我有一些氨基酸修饰,例如:
example <- c('_(Acetyl (Protein N-term))DDDIAAM(Oxidation (M))CK_')
我想将这样的序列拆分成类似于以下的状态:
example2 <- c('_','(Acetyl (Protein N-term))','D','D','D','I','A','A','M','(Oxidation (M))','C','K','_')

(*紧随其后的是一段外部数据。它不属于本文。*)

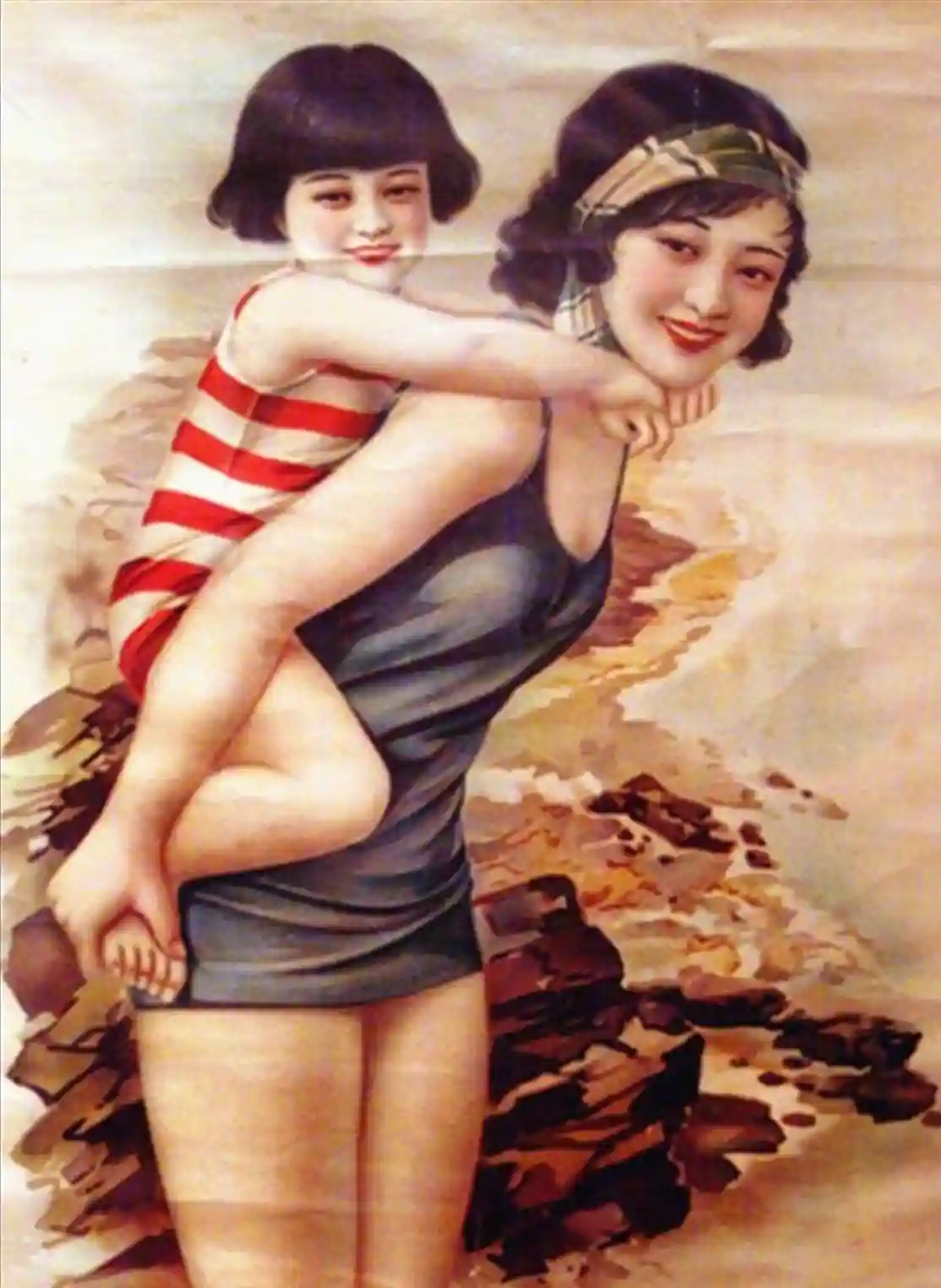 六、民国女性穿衣大解放由于政府的推动,社会思潮的变化,民国中后期,女性的衣着得以大解放,女性渐渐不再束胸,而且公开穿短袖、短裙、旗袍,甚至泳衣、乳罩。1930年代红极一时的影星阮玲玉,或许是第一个身体力行穿“义乳”的公众人物。“义乳”可以突显女性身体曲线之美,将胸部挺起。戴上“义乳”的阮玲玉,丰胸、细腰,与旗袍的剪裁样式天衣无缝。与此同时,达官显贵家的太太、子女也在追求时尚,突破穿衣禁忌。1930年,民国内务总长朱桂莘之女名媛洪筠,穿着西式泳装在北戴河游泳。这一举动成为当时备受争议的事件。
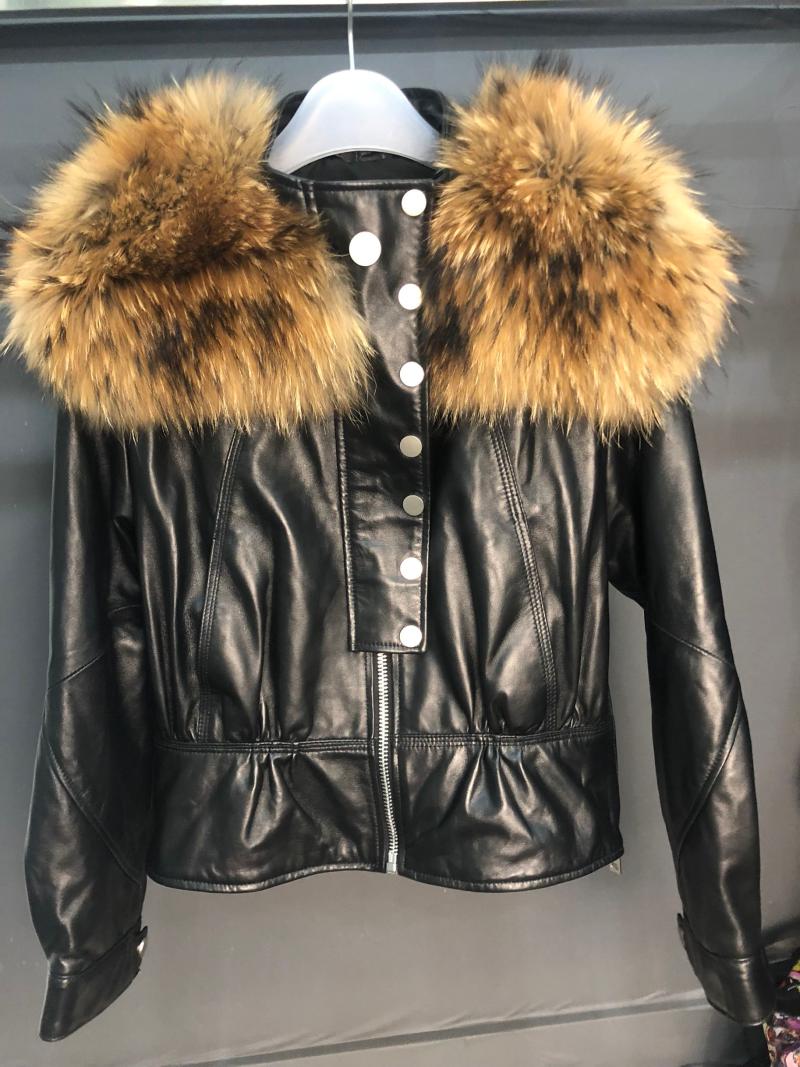 European Explosions Leather and Cotton Leather Women Widened Raccoon Wool Neck Short Coat Sheepskin Fashion Cotton Coat Jacket
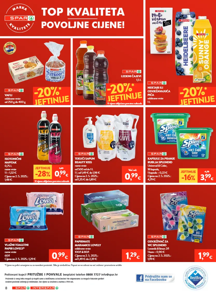 pridružite nam se na facebooku poπtovani kupci! prituæbe i pohvale besplatni telefon 0800 7727 info@spar.hr proizvode iz ovog letka moguće je kupiti samo u količinama za kućanstvo! ne odgovaramo za moguće tiskarske greške! izraženi postotak sniženja je minimalan. sve cijene su izražene u eurima s pdv-om. jeftinije -16 % 4,79 3 , 99 € jeftinije -28 % 1,39 0 , 99 € ledeni čajevi 1,5 l nektari ili osvježavajuća pića odabrane vrste 1 l kapsule za pranje rublja splendid universal ili color, 18 kapsula, 1 kapsula = 0,22 € cijena na 2. 5. 2025.: 4,79 € osvježivač za wc splendid lavanda ili limun 2/1 1 kom = 0,90 € cijena na 2. 5. 2025.: 1,99 € isotonični napitak 0,75 l razne vrste 1 l = 1,32 € cijena na 2. 5. 2025.: 1,48 € vafli odabrane vrste od 250 g do 400 g vlažni toaletni papir lovely* razne vrste 60/1 cijena na 2. 5. 2025.: 1,29 € tekući sapun beauty kiss razne vrste od 500 ml do 1 l 1 l od 1,49 € do 1,98 € cijena na 2. 5. 2025.: od 1,35 € do 1,89 € papirnate maramice lovely odabrane vrste 100/1 ili 80/1 cijena na 2. 5. 2025.: od 1,49 € do 2,39 € već od: 0 , 99 € top kvaliteta povoljne cijene! m a r k a k v a l i t e t e u cijenu uključena povratna naknada 0 , 99 € 1 , 29 € 1 , 99 € -20% * jeftinije -20% * jeftinije u cijenu uključena povratna naknada -20% * jeftinije *cijene na polici umanjene su za navedeni postotak. slika je simbolična. popust se ne odnosi na već snižene i promotivne artikle 8

但是我不知道如何拆分这样的字符串,同时将内容保留在括号内,是否有任何函数或代码可以帮助我做到这一点?
谢谢, 李李
最佳答案
更新
借鉴@benson23的想法通过插入特殊字符,例如 @
,我们可以使用 strsplit
尝试下面的代码+ 嵌套 (g)sub
的
unlist(
lapply(
unlist(
strsplit(
sub(
"(.*)\\)", "\\1)@",
sub(
"\\(", "@(",
gsub("(\\))([^()]+)(\\()", "\\1@\\2@\\3", example)
)
), "@"
)
),
function(s) {
if (startsWith(s, "(")) {
s
} else {
strsplit(s, "")
}
}
)
)
这是一个庞大的实现,用于查找配对的括号并进行拆分
# split string by characters
v <- unlist(strsplit(example, ""))
# positions of "(" and ")"
a <- which(v == "(")
b <- which(v == ")")
# split as per the position of ")"
lst1 <- split(v, cumsum(replace(rep(0, length(v)), 1 + by(b, findInterval(b, a), max), 1)))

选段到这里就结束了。